A finite state machine node can be used to implement any class of finite state machine (FSM). In the case of a really large or complex FSM, the machine can be spread across multiple FSM nodes, or different portions of the state machine can be time-sliced across a single node. This means that the node can be adapted to execute different portions of the state machine on the fly.
A scalar node can be used to execute legacy code, while a configurable input/output node (not shown in the figure) can be used to implement I/O in the form of a UART or bus interfaces such as PCI, USB, Firewire and other I/O-intensive actions.
A key advantage of the ACM's architecture is that any node can be adapted to perform a new function, clock cycle by clock cycle.
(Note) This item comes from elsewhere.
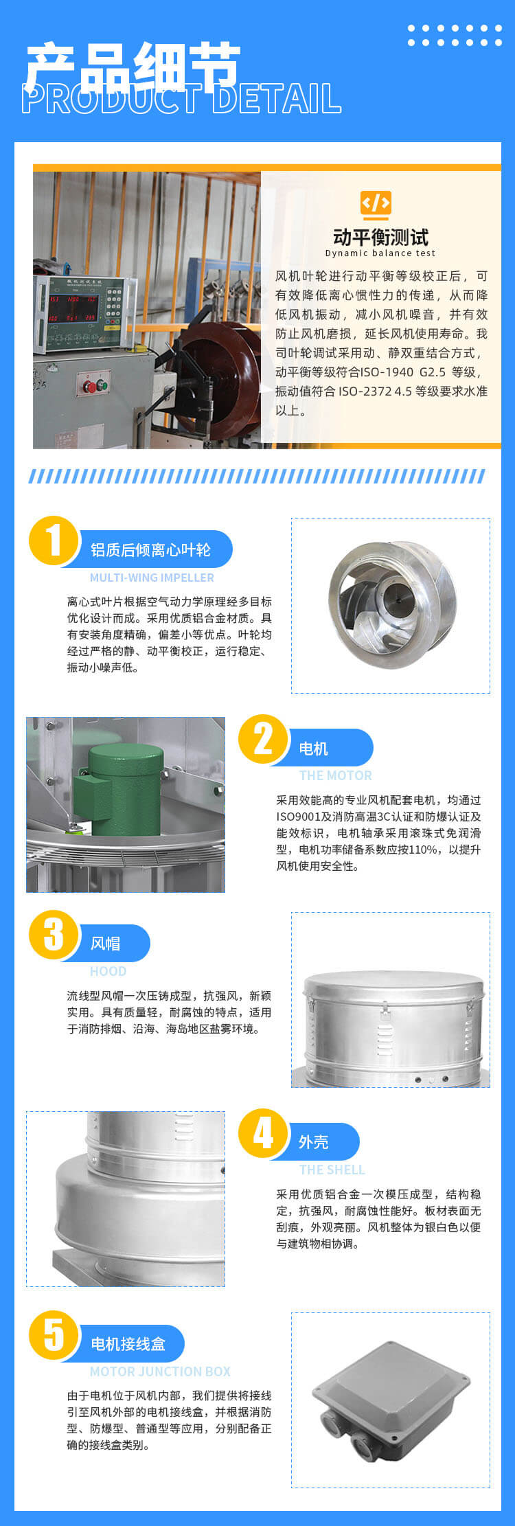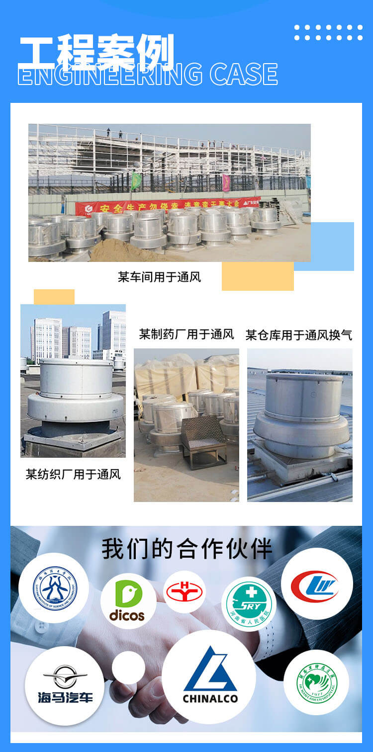 電機(jī)與排放氣流隔離,更適合排除帶有煙塵、油霧、潮濕等污染空氣,延長(zhǎng)電機(jī)及傳動(dòng)部件的使用壽命。采用全鋁質(zhì)后向板形離心式葉輪,平衡等級(jí)高,氣流組織順暢,運(yùn)行平穩(wěn);具有重量輕、壓力高、風(fēng)量適中、噪聲低、耗電省、外形美觀牢固等優(yōu)點(diǎn),廣泛用于機(jī)械、化工、橡膠、制藥、輕紡等行業(yè)的車間高大廠房及高級(jí)民用建筑的屋頂排風(fēng)換氣。

This means that any portion of the ACM from just a few nodes and interconnects up to the entire chip can be adapted in a single clock cycle. This results in a radical change in the way algorithms are implemented today. Rather than passing data from function to function, the data can remain resident in a node while the function of the node changes on a clock cycle-by-clock cycle basis. It also means that, unlike an ASIC implementation, the ACM can be adapted tens or hundreds of thousands of times a second, so that only those portions of an algorithm that are actually being executed need to be resident in the chip at any one time. This reuse of gates enables tremendous reductions in silicon area and power consumption.
Since the ACM's architecture is fractal in nature, it is totally scalable. A four-node cluster is formed from an arithmetic, bit-manipulation, FSM and scalar node, which is connected via a Matrix Interconnection Network (MIN). A 16-node cluster is formed from four 4-node clusters linked by their own MIN, while a 64-node cluster is formed from four 16-node clusters linked by their own MIN, and so forth. An ACM can contain from one to thousands of node clusters, as required.
Design advantages
ACM designs are represented in SilverWare, which is the C language augmented with temporal and spatial extensions. This means that, unlike an ASIC-based implementation in which algorithms are effectively frozen in silicon, the ACM can be quickly and easily adapted to accommodate the numerous evolving standards and protocols used in today's designs. In addition to accelerating time-to-market, this approach eases design reuse and reduces the risk of failure.
ACM technology also eliminates the very difficult problems associated with hardware/software co-design, because the entire system is initially represented as software. Having said this, it's important to understand that SilverWare is not executed by the ACM in the same way that machine code is processed by a DSP, i.e., executing a long stream of instructions. Instead, SilverWare is used to dynamically adapt the ACM on the fly to create the exact hardware needed to perform whichever algorithmic tasks are required at any particular time. Complex algorithmic elements can be thought of as the smallest operators, and many of these complex algorithmic elements are temporally or spatially combined to form an application. In essence, software becomes hardware.
Paul Master is the CTO of QuickSilver Technology.